■ Information shown:

= = = =

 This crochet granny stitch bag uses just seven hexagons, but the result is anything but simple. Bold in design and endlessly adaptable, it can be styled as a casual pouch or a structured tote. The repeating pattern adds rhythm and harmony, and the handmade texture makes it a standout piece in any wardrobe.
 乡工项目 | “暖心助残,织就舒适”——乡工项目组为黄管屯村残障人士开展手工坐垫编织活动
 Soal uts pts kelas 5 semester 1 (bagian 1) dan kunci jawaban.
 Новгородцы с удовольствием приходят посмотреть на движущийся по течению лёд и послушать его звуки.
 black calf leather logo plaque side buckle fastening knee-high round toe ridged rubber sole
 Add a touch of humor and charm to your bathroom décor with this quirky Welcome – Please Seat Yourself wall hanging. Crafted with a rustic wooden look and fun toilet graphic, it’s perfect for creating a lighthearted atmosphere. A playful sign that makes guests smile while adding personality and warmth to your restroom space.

= = = =

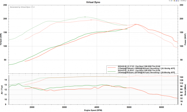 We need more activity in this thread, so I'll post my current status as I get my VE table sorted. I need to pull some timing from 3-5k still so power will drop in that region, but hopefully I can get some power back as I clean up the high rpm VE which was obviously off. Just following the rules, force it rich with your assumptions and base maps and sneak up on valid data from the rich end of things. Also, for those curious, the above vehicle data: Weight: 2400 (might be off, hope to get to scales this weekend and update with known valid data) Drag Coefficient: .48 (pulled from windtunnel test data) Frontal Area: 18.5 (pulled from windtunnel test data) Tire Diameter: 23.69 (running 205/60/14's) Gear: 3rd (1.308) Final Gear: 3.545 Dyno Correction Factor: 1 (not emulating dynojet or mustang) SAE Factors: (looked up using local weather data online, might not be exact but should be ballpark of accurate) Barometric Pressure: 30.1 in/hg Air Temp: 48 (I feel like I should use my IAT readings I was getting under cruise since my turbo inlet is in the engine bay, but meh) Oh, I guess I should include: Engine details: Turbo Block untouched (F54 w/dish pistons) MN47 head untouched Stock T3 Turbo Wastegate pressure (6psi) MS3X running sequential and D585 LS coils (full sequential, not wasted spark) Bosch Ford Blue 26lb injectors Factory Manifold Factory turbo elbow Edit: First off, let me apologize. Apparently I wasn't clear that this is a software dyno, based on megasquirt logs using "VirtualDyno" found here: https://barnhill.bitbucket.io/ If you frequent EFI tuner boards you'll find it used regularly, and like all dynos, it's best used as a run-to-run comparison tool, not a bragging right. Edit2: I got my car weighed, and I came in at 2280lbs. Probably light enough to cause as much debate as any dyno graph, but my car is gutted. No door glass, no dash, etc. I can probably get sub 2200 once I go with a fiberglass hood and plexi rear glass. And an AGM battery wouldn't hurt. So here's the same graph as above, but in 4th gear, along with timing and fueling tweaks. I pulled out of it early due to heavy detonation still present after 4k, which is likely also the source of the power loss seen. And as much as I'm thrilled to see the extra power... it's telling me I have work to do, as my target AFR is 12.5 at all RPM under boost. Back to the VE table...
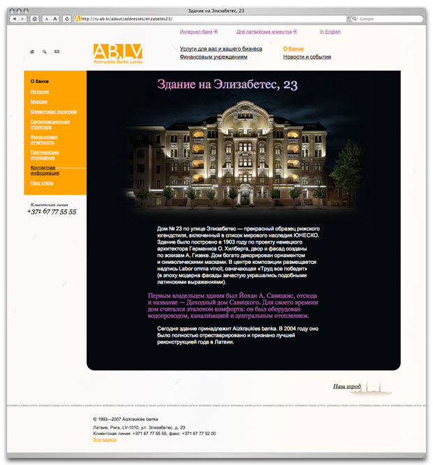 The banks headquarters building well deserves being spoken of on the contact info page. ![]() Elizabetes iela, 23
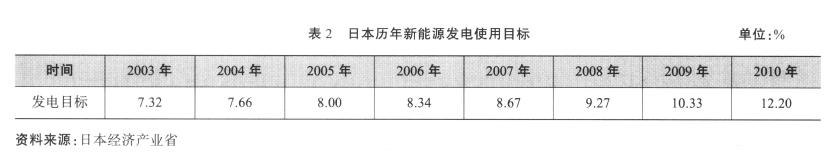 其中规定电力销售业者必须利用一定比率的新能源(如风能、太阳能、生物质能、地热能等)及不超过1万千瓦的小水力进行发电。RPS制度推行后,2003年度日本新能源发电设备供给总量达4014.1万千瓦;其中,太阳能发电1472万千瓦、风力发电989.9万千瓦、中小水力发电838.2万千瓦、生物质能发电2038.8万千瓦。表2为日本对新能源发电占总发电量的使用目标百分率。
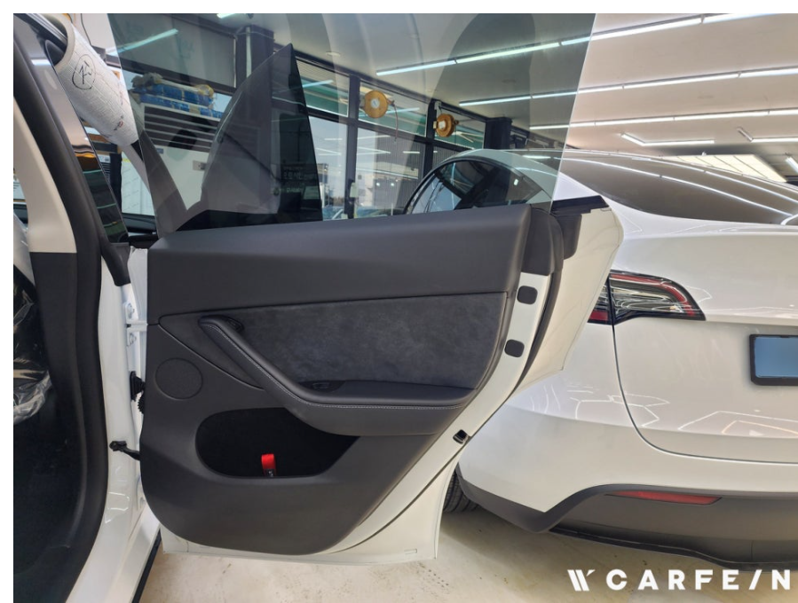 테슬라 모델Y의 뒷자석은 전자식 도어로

= = = =

■ What is required: Which lines of the material contain "makes"? List them.

■ Answer:
 This crochet granny stitch bag uses just seven hexagons, but the result is anything but simple. Bold in design and endlessly adaptable, it can be styled as a casual pouch or a structured tote. The repeating pattern adds rhythm and harmony, and the handmade texture makes it a standout piece in any wardrobe.
 Add a touch of humor and charm to your bathroom décor with this quirky Welcome – Please Seat Yourself wall hanging. Crafted with a rustic wooden look and fun toilet graphic, it’s perfect for creating a lighthearted atmosphere. A playful sign that makes guests smile while adding personality and warmth to your restroom space.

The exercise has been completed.